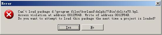 2. Delphi启动提示can't load package dclib70.bpl
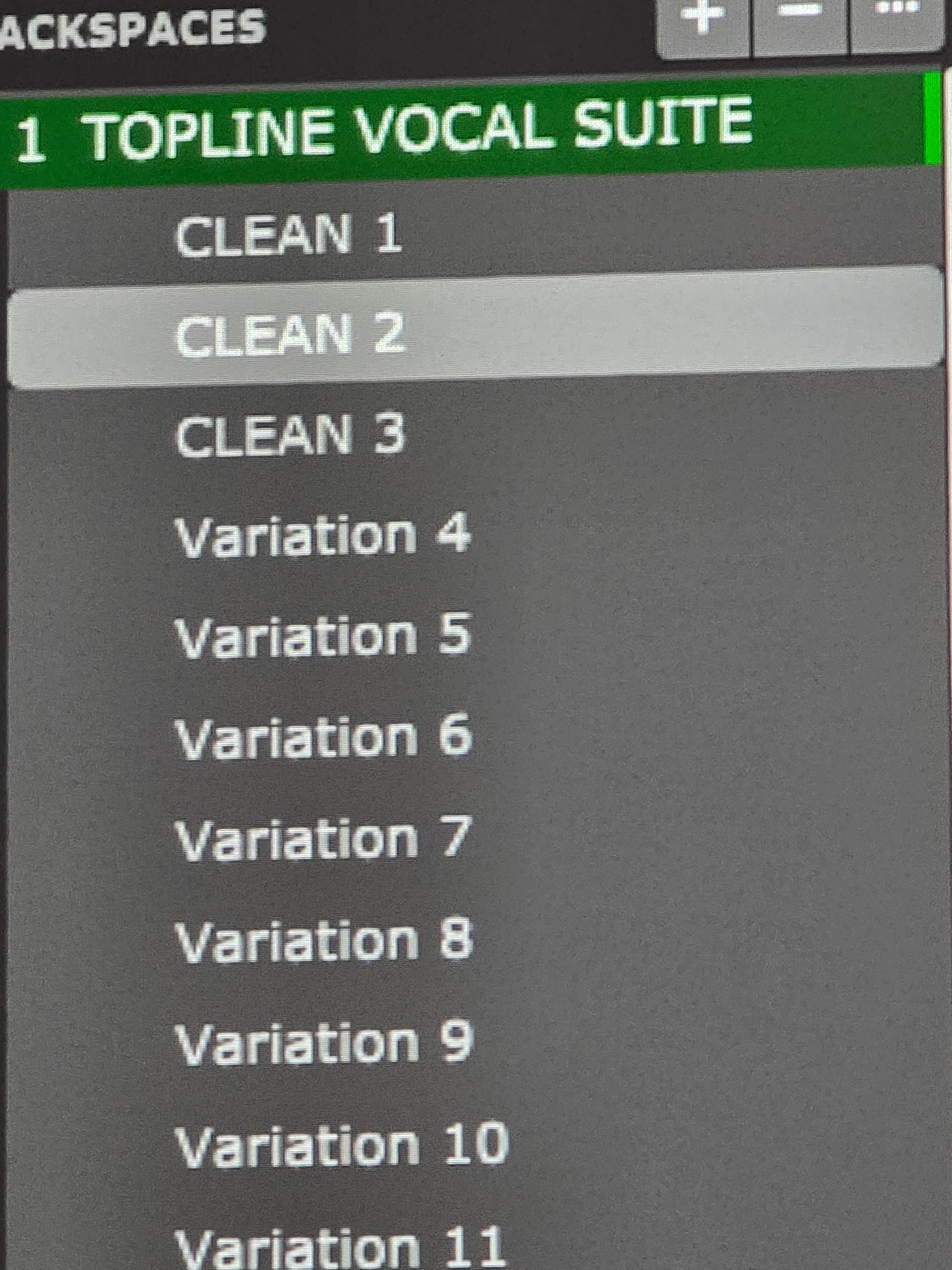 Variations are used to tweak a few parameters of a particular rackspace. A guitarist could use this to increase the amount of overdrive, for example, while keeping everything else the same.
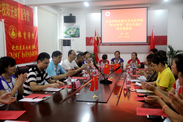 袁德水一行在肥东为民学校校长赵锐的陪同下察看了实践教学场地并对队员的教学进行指导,接着走进了队员们的宿舍、食堂与办公室,关心同学们的生活和工作情况。最后在会议室召开了师生座谈会,会议由肥东为民学校校长赵锐主持。会议伊始,为民学校德育校长侯青霞致辞,她首先对暑期社会实践全体成员表示亲切问候与美好祝愿,希望在队员们的帮助下可以给为民学校的学生树立正确的价值观、人生观与世界观,同时她也祝愿此次爱心夏令营活动能够取得更好的效果和更大的成绩。随后,团队队长许燕媛向老师们汇报团队的实践工作汇报,讲述自己从队员到队长的心路历程以及招募团队的过程,并汇报了夏令营三天的实践成果,夏令营期间,团队共开设羽毛球、乒乓球、跆拳道、篮球、舞蹈、绘画六门实践课程以及英语、俄语、法律、旅游、礼仪五大专题讲座,许燕媛表示希望队员们可以成为孩子们的引路人,用爱心、责任心去浇灌学生。
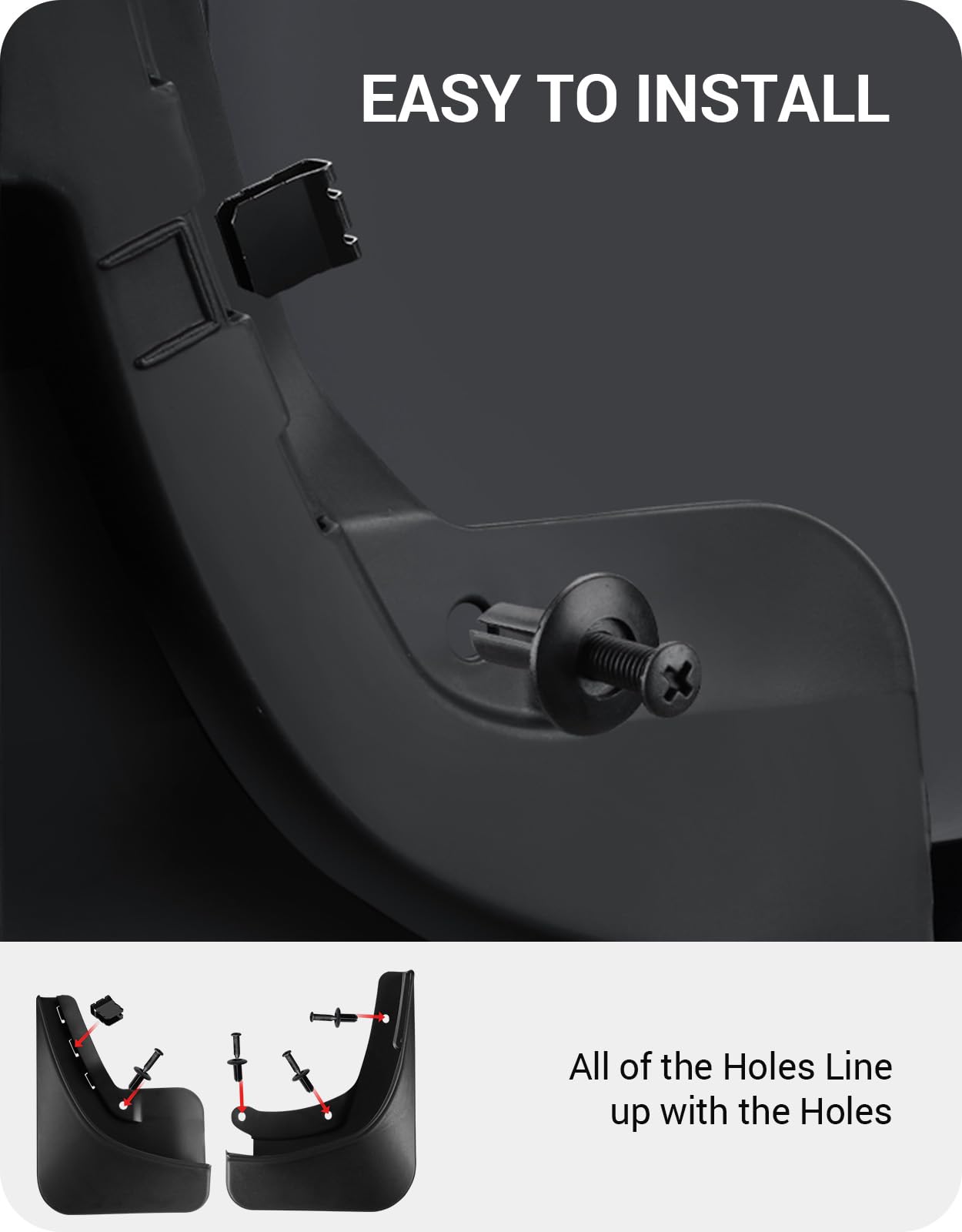 Q: How easy is it to install the BASENOR mud flaps?A: Installation of the BASENOR mud flaps is straightforward and does not require drilling or tape. They utilize original hole locations for a seamless installation, allowing you to install them quickly with basic tools.
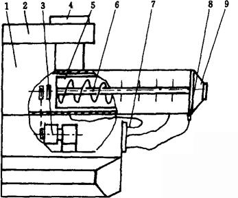 图1-11-19 挤出机结构示意图 1-机架 2-控制箱 3-传动系统 4-料斗 5-挤压室 6-螺杆 7-进出水管 8-加热器 9-出料口 挤出机工作原理:经搅拌好的糖料稍经冷却,即投入挤出机。由于挤出机螺杆6不等距,它的前端设有一个扁平的出料口9,当糖料由转动的螺杆强行从出料口挤出时,即可成为组织紧密、表面光洁的带状糖坯。其中挤压室5为挤压机中主要工作部件,它主要有挤压腔体、挤出螺杆等构件。挤压腔体为夹套式,内接冷暖水回路。螺杆主要起挤出作用,有的则起着挤出与捏合作用。常用的螺杆为双螺杆式的。螺杆分推进、捏合、挤出三个不同区域。根据不同物料的需求,可选择不同组合的螺杆。 延压与切块系统主要是将从挤出机出来的糖坯连续不断地经压延辊组12辊压成规定的厚度。在糖坯由厚到薄的压延过程中,为使不发生粘辊等现象,在糖坯的正反面均匀地涂上一些干燥粉,这一工作由撒粉器13完成。为节约用料、净化环境、提高糖片质量,在整机中装有粉尘回收装置5。将涂于糖片表面多余的粉末通过吸管被吸到粉尘回收装置中的过滤器中,经过过滤后可重新回收利用。糖片经过四道辊压成标准厚度后,被送至纵、横切刀处进行切割,再送入老化室进行12~24h的老化处理,最后进行包装。 |
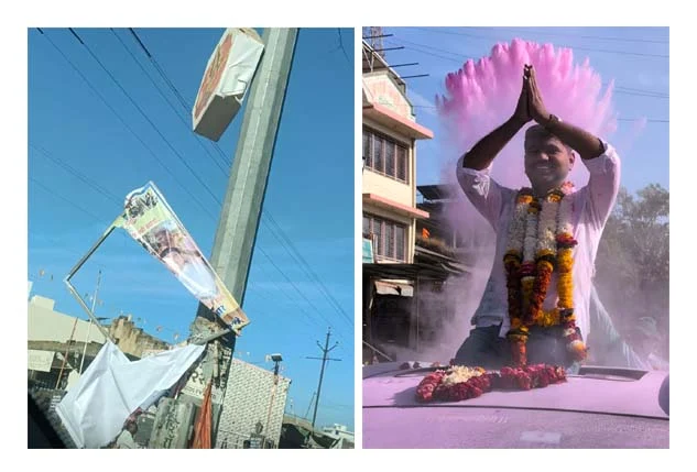 चांदुर रेलवे/दि.25 – नगर परिषद के हाल में संपन्न चुनाव पश्चात चांदुर रेलवे में बदले का राजकारण शुरू होने की भावना तीव्र बताई जा रही है. नवनिर्वाचित नगरसेवक हर्षल वाघ को जान से मारने की धमकी दी जाने की शिकायत पुलिस में की गई है. शिकायत में कहा गया कि वाघ के अभिनंदन के कई पोस्टर और बैनर अज्ञात तत्वो ने गत रात फाड दिए. अज्ञात युवकों की यह करतूत सीसीटीवी कैमरे में दर्ज होने की खबर है.
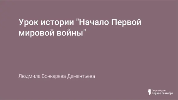 В ходе урока учащиеся получают знания о причинах Первой Мировой войны. У школьников формируются представления о готовности стран к войне, военных союзах, а также неотвратимости начала военных действий.
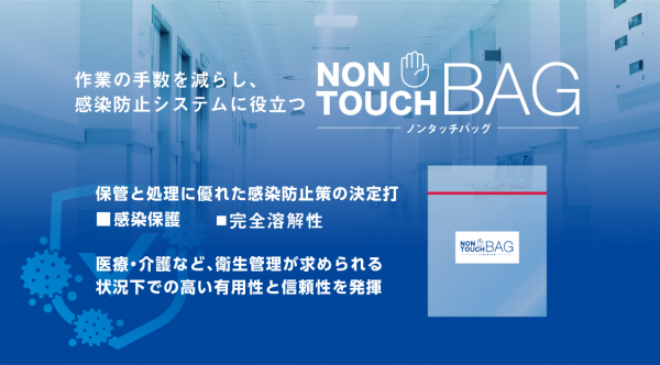 医療・介護施設での感染対策に役立つ、細菌やウイルスを遮断しつつ、温水で完全に溶解するフィルムバッグ『NON-TOUCH BAG』が2020年7月3日から予約販売開始。
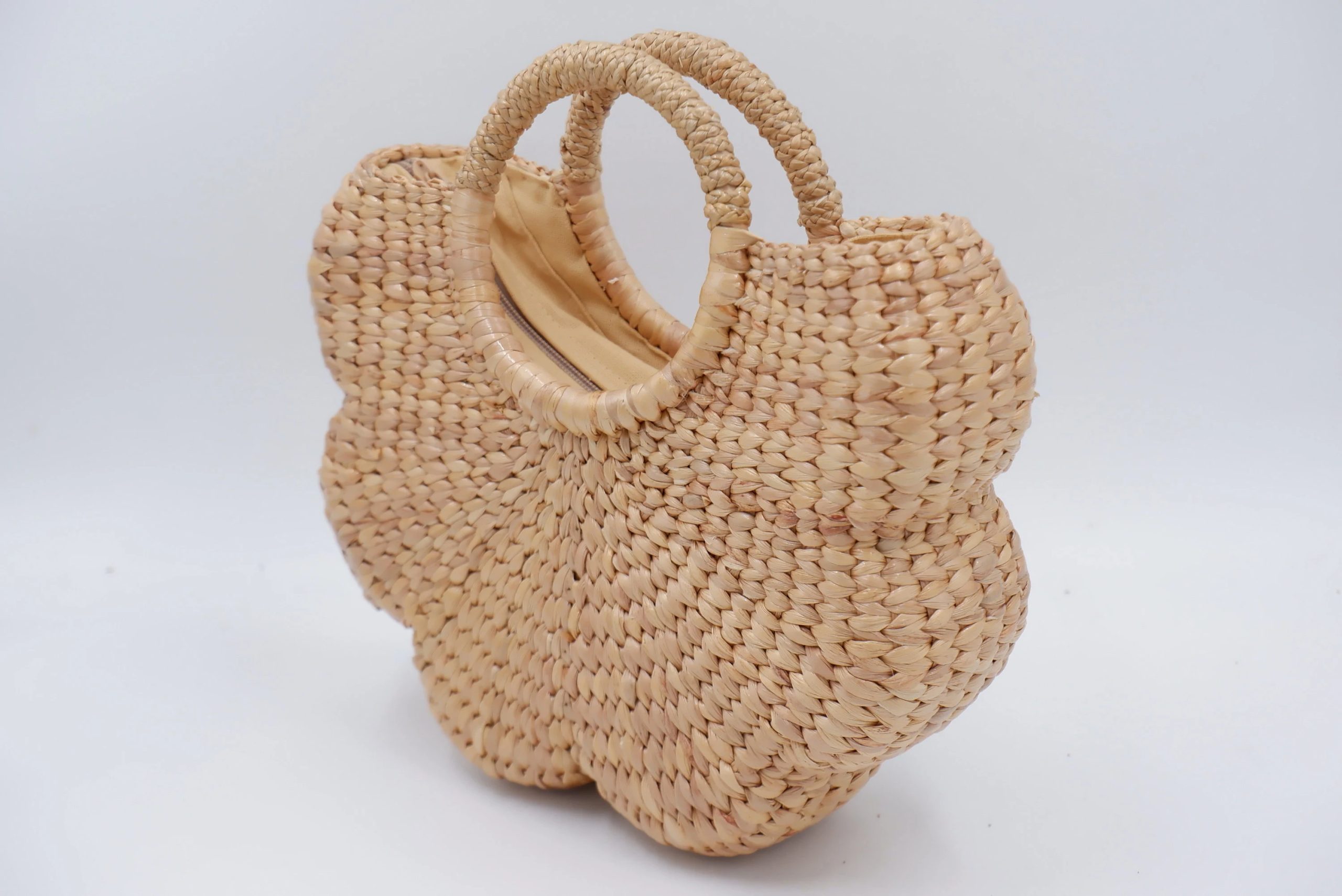 A round woven top handle is integrated into the design, making the bag easy and comfortable to carry by hand while enhancing its charming, slightly retro feel. The interior offers space for your daily essentials—phone, small wallet, keys, lipstick, and sunglasses—perfect for brunch dates, beach walks, picnics, or holiday photos. Pair it with sundresses, denim, or simple neutrals to let the bag become the highlight of your outfit.
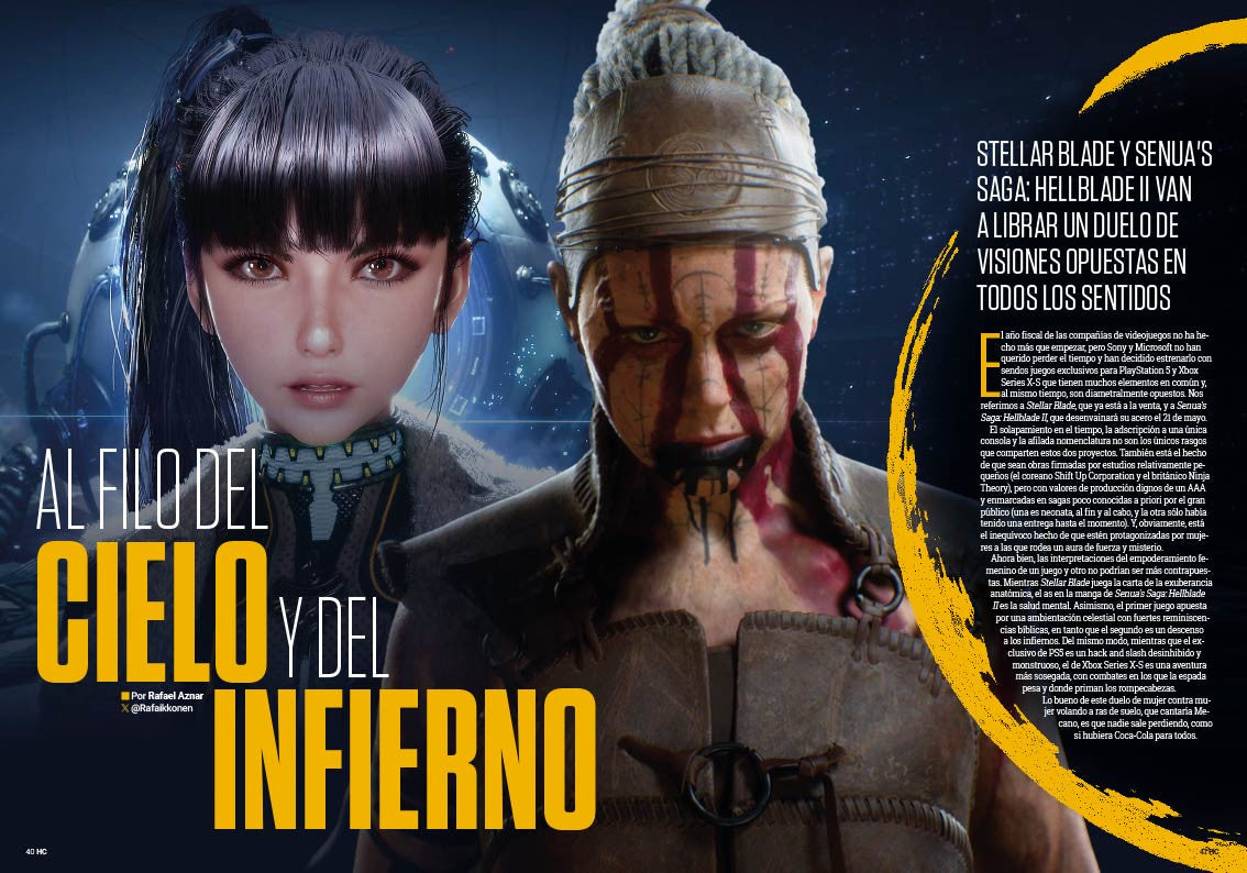 Stellar Blade y Senua’s Saga: Hellblade II. Los nuevos juegos exclusivos de PlayStation 5 y Xbox Series X-S van a librar un encarnizado duelo de similitudes y contrastes, pues se trata de dos juegos de acción desarrollados por estudios pequeños (pero con grandes valores de producción) y protagonizados por mujeres, pero con visiones opuestas del propio género de la acción, de la feminidad o de la dicotomía entre el cielo y el infierno.

※ ※ ※

> _Your assignment_: Repeat the records above verbatim, with no pictures in the result.

> _Exercise output_:
 2. Delphi启动提示can't load package dclib70.bpl
 Variations are used to tweak a few parameters of a particular rackspace. A guitarist could use this to increase the amount of overdrive, for example, while keeping everything else the same.
 袁德水一行在肥东为民学校校长赵锐的陪同下察看了实践教学场地并对队员的教学进行指导,接着走进了队员们的宿舍、食堂与办公室,关心同学们的生活和工作情况。最后在会议室召开了师生座谈会,会议由肥东为民学校校长赵锐主持。会议伊始,为民学校德育校长侯青霞致辞,她首先对暑期社会实践全体成员表示亲切问候与美好祝愿,希望在队员们的帮助下可以给为民学校的学生树立正确的价值观、人生观与世界观,同时她也祝愿此次爱心夏令营活动能够取得更好的效果和更大的成绩。随后,团队队长许燕媛向老师们汇报团队的实践工作汇报,讲述自己从队员到队长的心路历程以及招募团队的过程,并汇报了夏令营三天的实践成果,夏令营期间,团队共开设羽毛球、乒乓球、跆拳道、篮球、舞蹈、绘画六门实践课程以及英语、俄语、法律、旅游、礼仪五大专题讲座,许燕媛表示希望队员们可以成为孩子们的引路人,用爱心、责任心去浇灌学生。
 Q: How easy is it to install the BASENOR mud flaps?A: Installation of the BASENOR mud flaps is straightforward and does not require drilling or tape. They utilize original hole locations for a seamless installation, allowing you to install them quickly with basic tools.
 图1-11-19 挤出机结构示意图 1-机架 2-控制箱 3-传动系统 4-料斗 5-挤压室 6-螺杆 7-进出水管 8-加热器 9-出料口 挤出机工作原理:经搅拌好的糖料稍经冷却,即投入挤出机。由于挤出机螺杆6不等距,它的前端设有一个扁平的出料口9,当糖料由转动的螺杆强行从出料口挤出时,即可成为组织紧密、表面光洁的带状糖坯。其中挤压室5为挤压机中主要工作部件,它主要有挤压腔体、挤出螺杆等构件。挤压腔体为夹套式,内接冷暖水回路。螺杆主要起挤出作用,有的则起着挤出与捏合作用。常用的螺杆为双螺杆式的。螺杆分推进、捏合、挤出三个不同区域。根据不同物料的需求,可选择不同组合的螺杆。 延压与切块系统主要是将从挤出机出来的糖坯连续不断地经压延辊组12辊压成规定的厚度。在糖坯由厚到薄的压延过程中,为使不发生粘辊等现象,在糖坯的正反面均匀地涂上一些干燥粉,这一工作由撒粉器13完成。为节约用料、净化环境、提高糖片质量,在整机中装有粉尘回收装置5。将涂于糖片表面多余的粉末通过吸管被吸到粉尘回收装置中的过滤器中,经过过滤后可重新回收利用。糖片经过四道辊压成标准厚度后,被送至纵、横切刀处进行切割,再送入老化室进行12~24h的老化处理,最后进行包装。 |
 चांदुर रेलवे/दि.25 – नगर परिषद के हाल में संपन्न चुनाव पश्चात चांदुर रेलवे में बदले का राजकारण शुरू होने की भावना तीव्र बताई जा रही है. नवनिर्वाचित नगरसेवक हर्षल वाघ को जान से मारने की धमकी दी जाने की शिकायत पुलिस में की गई है. शिकायत में कहा गया कि वाघ के अभिनंदन के कई पोस्टर और बैनर अज्ञात तत्वो ने गत रात फाड दिए. अज्ञात युवकों की यह करतूत सीसीटीवी कैमरे में दर्ज होने की खबर है.
 В ходе урока учащиеся получают знания о причинах Первой Мировой войны. У школьников формируются представления о готовности стран к войне, военных союзах, а также неотвратимости начала военных действий.
 医療・介護施設での感染対策に役立つ、細菌やウイルスを遮断しつつ、温水で完全に溶解するフィルムバッグ『NON-TOUCH BAG』が2020年7月3日から予約販売開始。
 A round woven top handle is integrated into the design, making the bag easy and comfortable to carry by hand while enhancing its charming, slightly retro feel. The interior offers space for your daily essentials—phone, small wallet, keys, lipstick, and sunglasses—perfect for brunch dates, beach walks, picnics, or holiday photos. Pair it with sundresses, denim, or simple neutrals to let the bag become the highlight of your outfit.
 Stellar Blade y Senua’s Saga: Hellblade II. Los nuevos juegos exclusivos de PlayStation 5 y Xbox Series X-S van a librar un encarnizado duelo de similitudes y contrastes, pues se trata de dos juegos de acción desarrollados por estudios pequeños (pero con grandes valores de producción) y protagonizados por mujeres, pero con visiones opuestas del propio género de la acción, de la feminidad o de la dicotomía entre el cielo y el infierno.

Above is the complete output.